Type the data below again exactly. Omit all pictures.

■ **STUDY MATERIAL**
◇ ◇ ◇

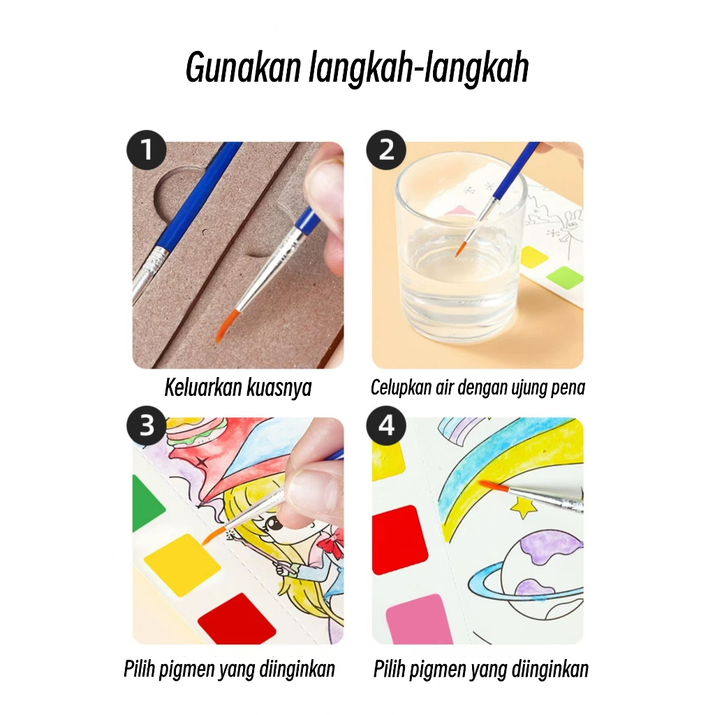 Mainan Buku Cat MEWARNAI Watercolor Painting Book Bahan Berkualitas Premium
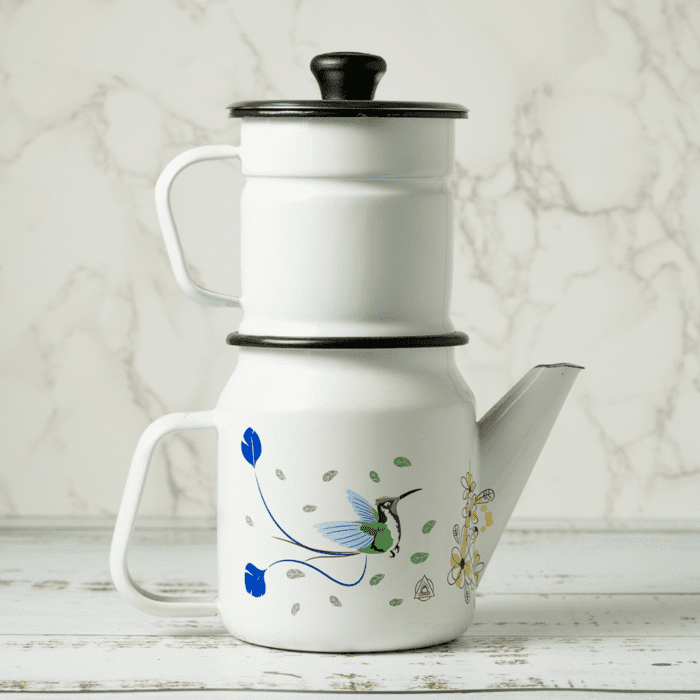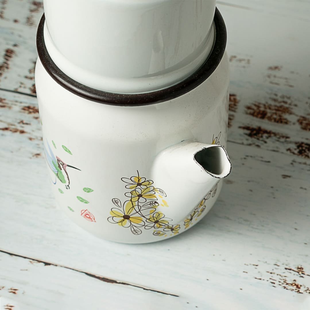 Embellece tu cocina con la elegancia del blanco y los diseños de flores y colibrí de esta cafetera. Además de su estética, su superficie lisa y materiales de calidad garantizan una limpieza fácil y duradera.
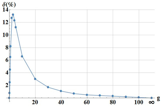 where and are the fundamental dimensionless frequencies of the perfect FGM circular plate without and with effect of the coupling in-plane and transverse displacements, respectively. Figure 7 presents the dependence of the differences (errors) between obtained results for the power-law index .
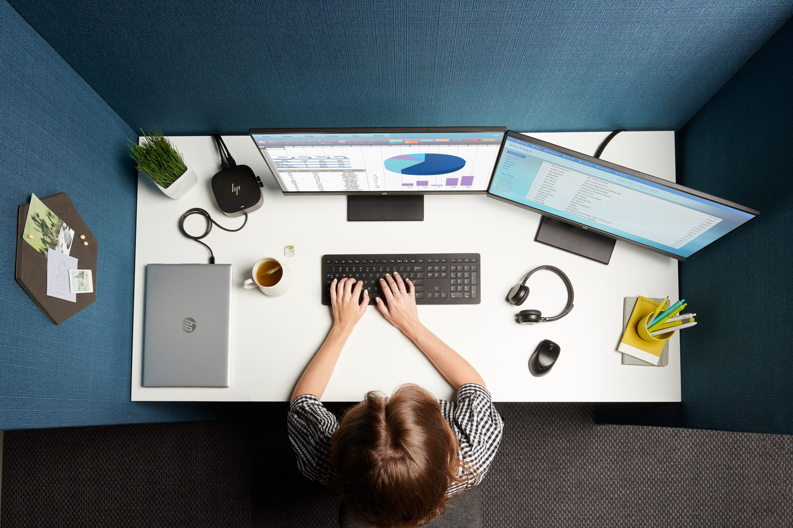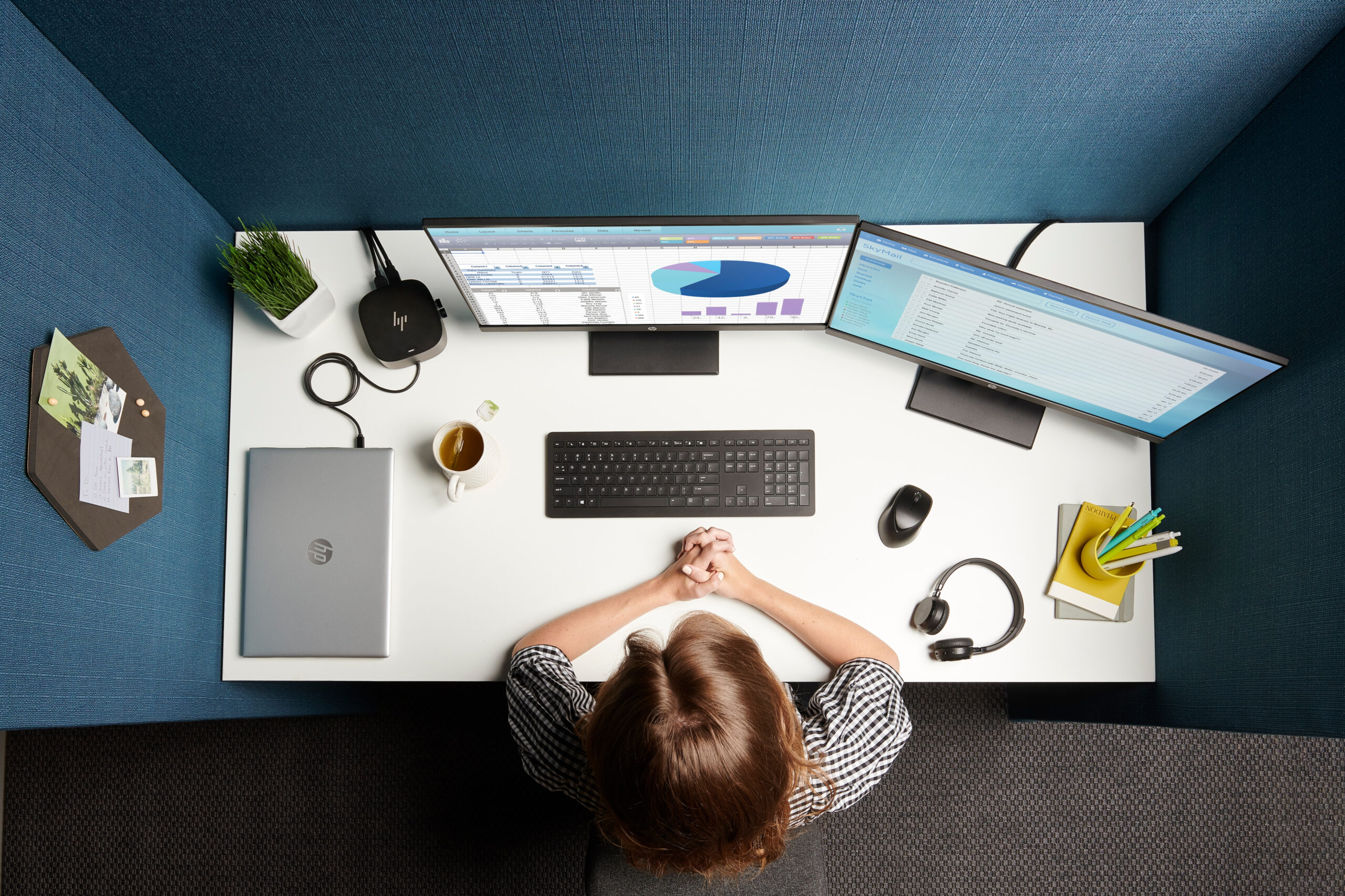 Sluit je laptop met USB-C aan op je schermen, accessoires en bekabelde netwerk met de veelzijdige, elegante en ruimtebesparende HP USB-C Dock G5.
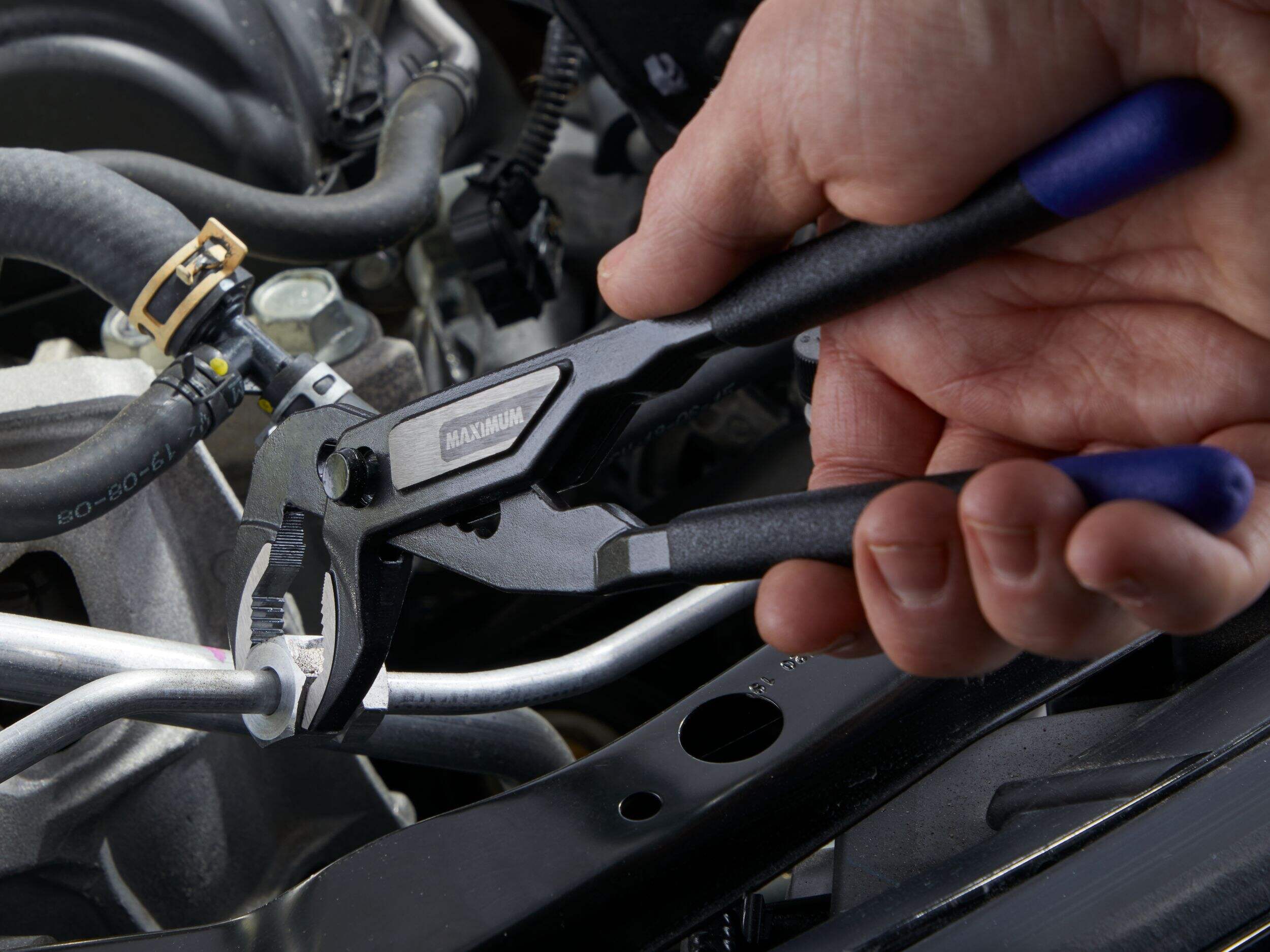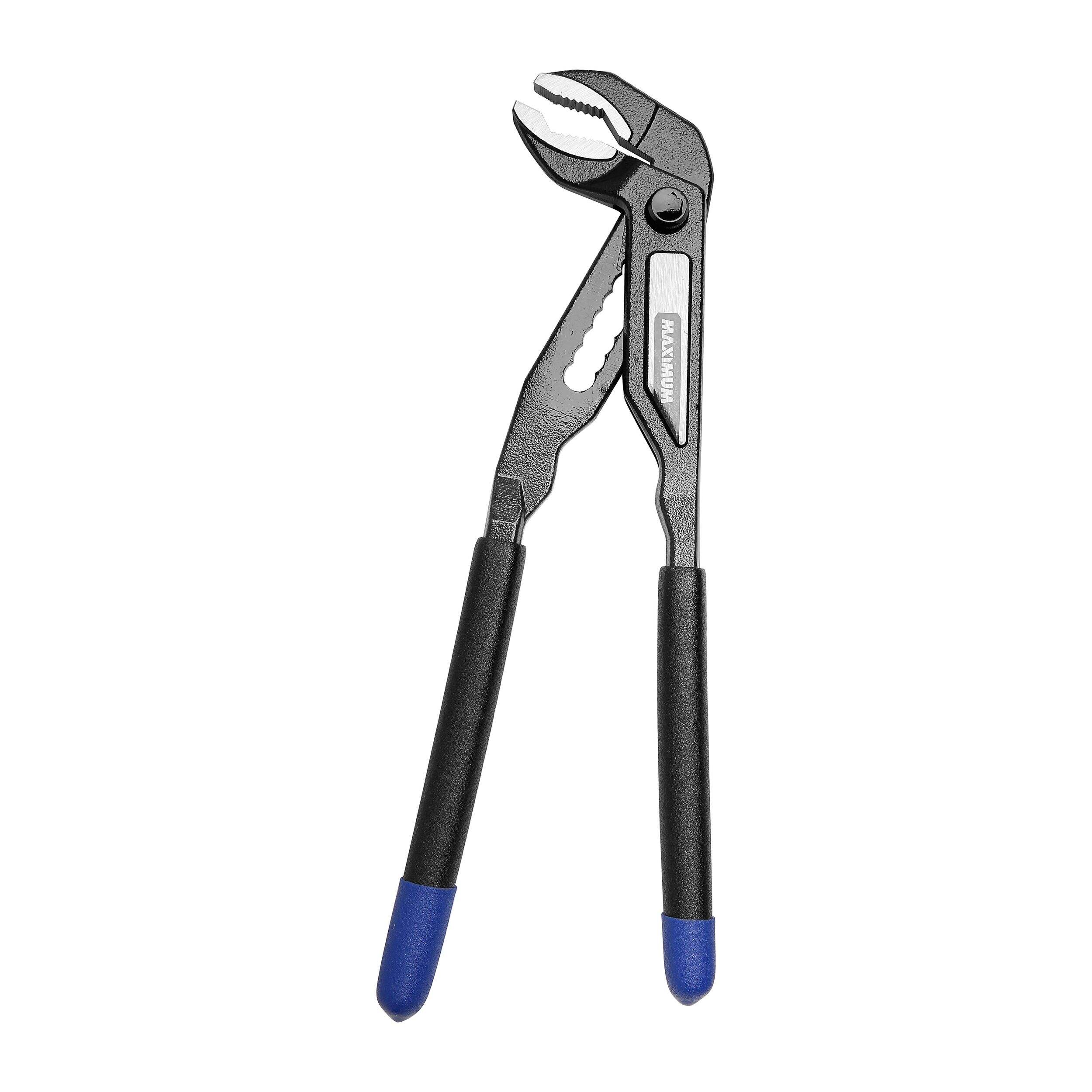 The MAXIMUM Push Button V Jaw Tongue & Groove Pliers are designed to grip various shaped objects and materials. Featuring a convenient push button locking mechanism for easy one-handed use, these pliers have an oil and solvent-resistant finish for effortless maintenance. Constructed from durable alloy steel, they also feature a comfortable handle and colour-coded tips for easy identification in your toolbox.
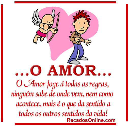 O amor… O amor foge à todas as regras, ninguém sabe de onde vem, nem como acontece, mais é o que dá sentido a todos os outros sentidos da vida.
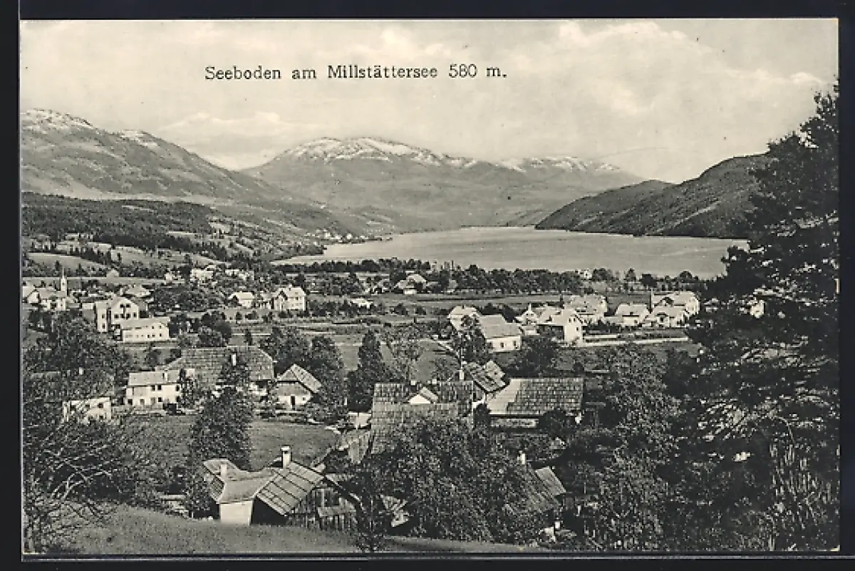 AK Seeboden am Millstättersee, Teilansicht mit Bergen
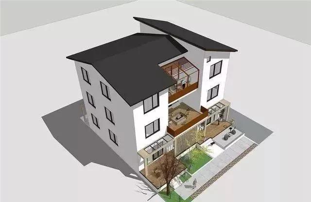 别墅外墙是纯白色,屋顶是青黛瓦,一共三层的设计,
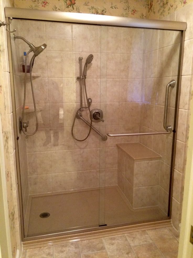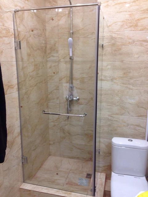 Если кабина прямоугольная, все решается более-менее просто: прямоугольник можно вырезать и из стекла в мастерской. Навесов для стеклянных дверей много, можно выбрать более удобный для вашего случая. Только заказывать двери идите с навесами: придется под них сверлить отверстия, и лучше всего их примерить.
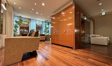 ブラウンの木が落着きを感じさせる空間で、リラックスしていただける上質なひとときをご提供いたします。
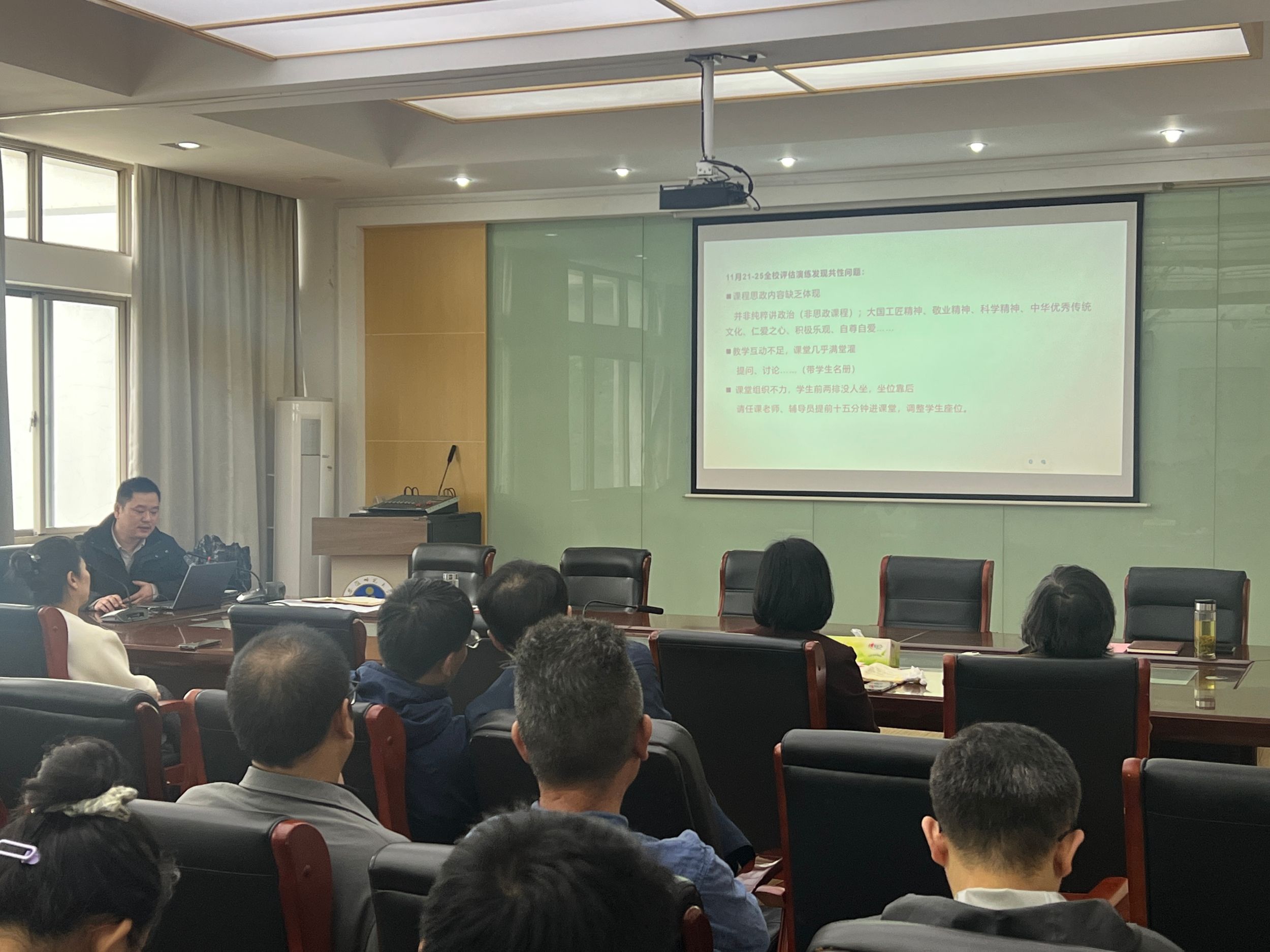 副院长王春雷结合本科教育教学审核性评估工作进行专项培训,对本科教育教学评估的各项指标、评估应知应会手册、学院自查过程中发现的问题以及具体工作时间流程等,进行了细致讲解,强调了纪律,明确了教职工在评估工作中的职责与任务。副院长王屹对学院申报国家社科基金项目和国家艺术基金项目进行了全面梳理总结,对项目申报注意事项、研究生导师外出考察以及对外合作办学事宜进行了布置安排。副院长刘曼玉通报了近期学院后勤保障工作情况,并着重就需要全员关注和配合的管理问题和安全问题进行了提醒,旨在为全院师生营造一个更加舒适、便捷的学习与工作环境。

◇ ◇ ◇

■ **SOLUTION TO THE EXERCISE**
 Mainan Buku Cat MEWARNAI Watercolor Painting Book Bahan Berkualitas Premium
 Embellece tu cocina con la elegancia del blanco y los diseños de flores y colibrí de esta cafetera. Además de su estética, su superficie lisa y materiales de calidad garantizan una limpieza fácil y duradera.
 where and are the fundamental dimensionless frequencies of the perfect FGM circular plate without and with effect of the coupling in-plane and transverse displacements, respectively. Figure 7 presents the dependence of the differences (errors) between obtained results for the power-law index .
 Sluit je laptop met USB-C aan op je schermen, accessoires en bekabelde netwerk met de veelzijdige, elegante en ruimtebesparende HP USB-C Dock G5.
 The MAXIMUM Push Button V Jaw Tongue & Groove Pliers are designed to grip various shaped objects and materials. Featuring a convenient push button locking mechanism for easy one-handed use, these pliers have an oil and solvent-resistant finish for effortless maintenance. Constructed from durable alloy steel, they also feature a comfortable handle and colour-coded tips for easy identification in your toolbox.
 O amor… O amor foge à todas as regras, ninguém sabe de onde vem, nem como acontece, mais é o que dá sentido a todos os outros sentidos da vida.
 AK Seeboden am Millstättersee, Teilansicht mit Bergen
 别墅外墙是纯白色,屋顶是青黛瓦,一共三层的设计,
 Если кабина прямоугольная, все решается более-менее просто: прямоугольник можно вырезать и из стекла в мастерской. Навесов для стеклянных дверей много, можно выбрать более удобный для вашего случая. Только заказывать двери идите с навесами: придется под них сверлить отверстия, и лучше всего их примерить.
 ブラウンの木が落着きを感じさせる空間で、リラックスしていただける上質なひとときをご提供いたします。
 副院长王春雷结合本科教育教学审核性评估工作进行专项培训,对本科教育教学评估的各项指标、评估应知应会手册、学院自查过程中发现的问题以及具体工作时间流程等,进行了细致讲解,强调了纪律,明确了教职工在评估工作中的职责与任务。副院长王屹对学院申报国家社科基金项目和国家艺术基金项目进行了全面梳理总结,对项目申报注意事项、研究生导师外出考察以及对外合作办学事宜进行了布置安排。副院长刘曼玉通报了近期学院后勤保障工作情况,并着重就需要全员关注和配合的管理问题和安全问题进行了提醒,旨在为全院师生营造一个更加舒适、便捷的学习与工作环境。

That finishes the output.